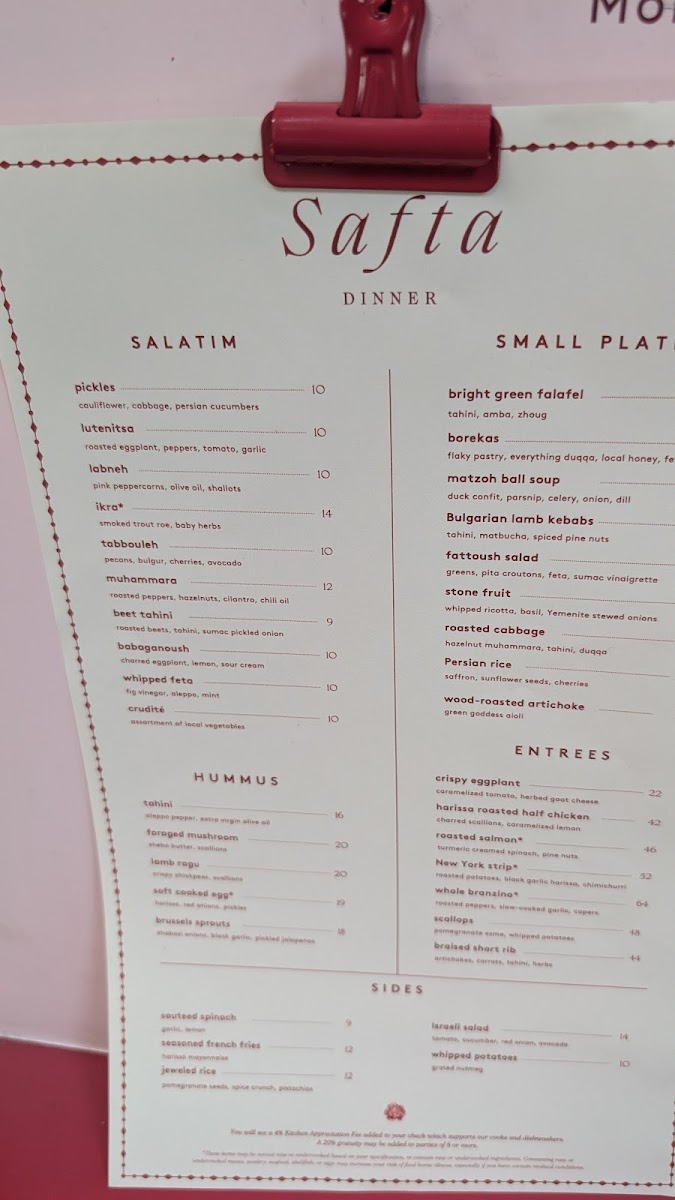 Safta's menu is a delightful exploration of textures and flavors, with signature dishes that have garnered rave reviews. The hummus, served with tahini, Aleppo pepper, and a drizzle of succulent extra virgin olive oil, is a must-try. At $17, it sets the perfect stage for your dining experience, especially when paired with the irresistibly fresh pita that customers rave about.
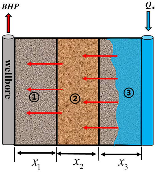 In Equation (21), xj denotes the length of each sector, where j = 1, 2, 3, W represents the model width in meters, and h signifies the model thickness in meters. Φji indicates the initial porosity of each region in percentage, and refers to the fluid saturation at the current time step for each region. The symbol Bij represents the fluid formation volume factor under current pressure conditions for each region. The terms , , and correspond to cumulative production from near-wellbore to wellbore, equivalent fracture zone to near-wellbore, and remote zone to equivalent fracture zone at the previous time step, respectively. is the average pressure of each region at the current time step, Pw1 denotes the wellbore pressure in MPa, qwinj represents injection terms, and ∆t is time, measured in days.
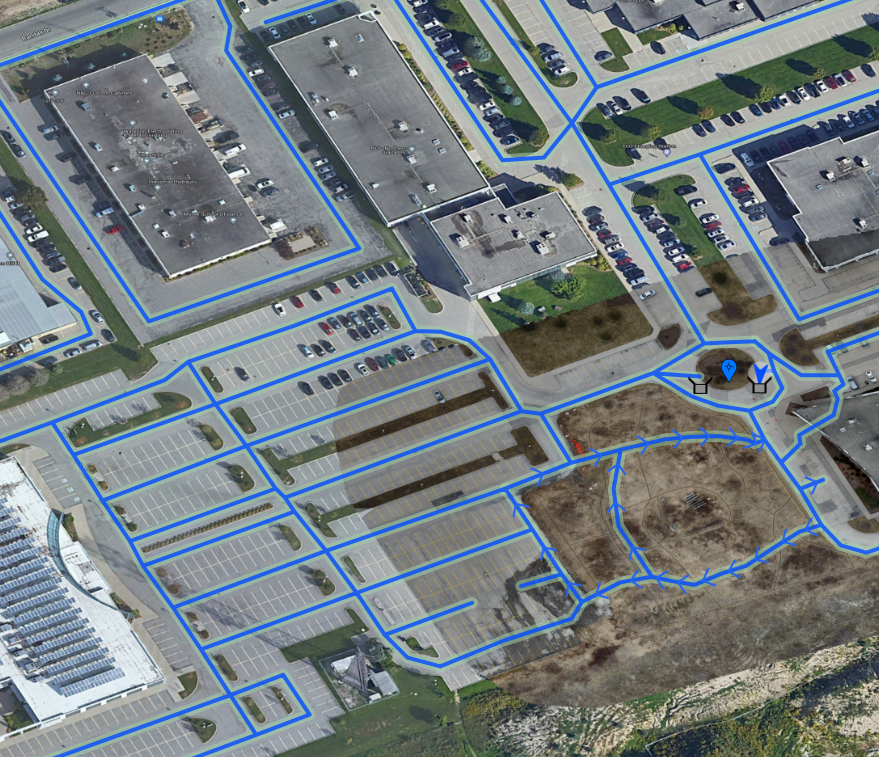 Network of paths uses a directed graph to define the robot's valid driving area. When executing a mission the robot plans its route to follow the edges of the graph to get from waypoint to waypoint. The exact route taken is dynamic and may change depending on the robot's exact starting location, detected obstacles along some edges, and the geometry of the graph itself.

******

| Brief |
Set down all the material exactly once more. No pictures.

| Exercise result |
 Safta's menu is a delightful exploration of textures and flavors, with signature dishes that have garnered rave reviews. The hummus, served with tahini, Aleppo pepper, and a drizzle of succulent extra virgin olive oil, is a must-try. At $17, it sets the perfect stage for your dining experience, especially when paired with the irresistibly fresh pita that customers rave about.
 In Equation (21), xj denotes the length of each sector, where j = 1, 2, 3, W represents the model width in meters, and h signifies the model thickness in meters. Φji indicates the initial porosity of each region in percentage, and refers to the fluid saturation at the current time step for each region. The symbol Bij represents the fluid formation volume factor under current pressure conditions for each region. The terms , , and correspond to cumulative production from near-wellbore to wellbore, equivalent fracture zone to near-wellbore, and remote zone to equivalent fracture zone at the previous time step, respectively. is the average pressure of each region at the current time step, Pw1 denotes the wellbore pressure in MPa, qwinj represents injection terms, and ∆t is time, measured in days.
 Network of paths uses a directed graph to define the robot's valid driving area. When executing a mission the robot plans its route to follow the edges of the graph to get from waypoint to waypoint. The exact route taken is dynamic and may change depending on the robot's exact starting location, detected obstacles along some edges, and the geometry of the graph itself.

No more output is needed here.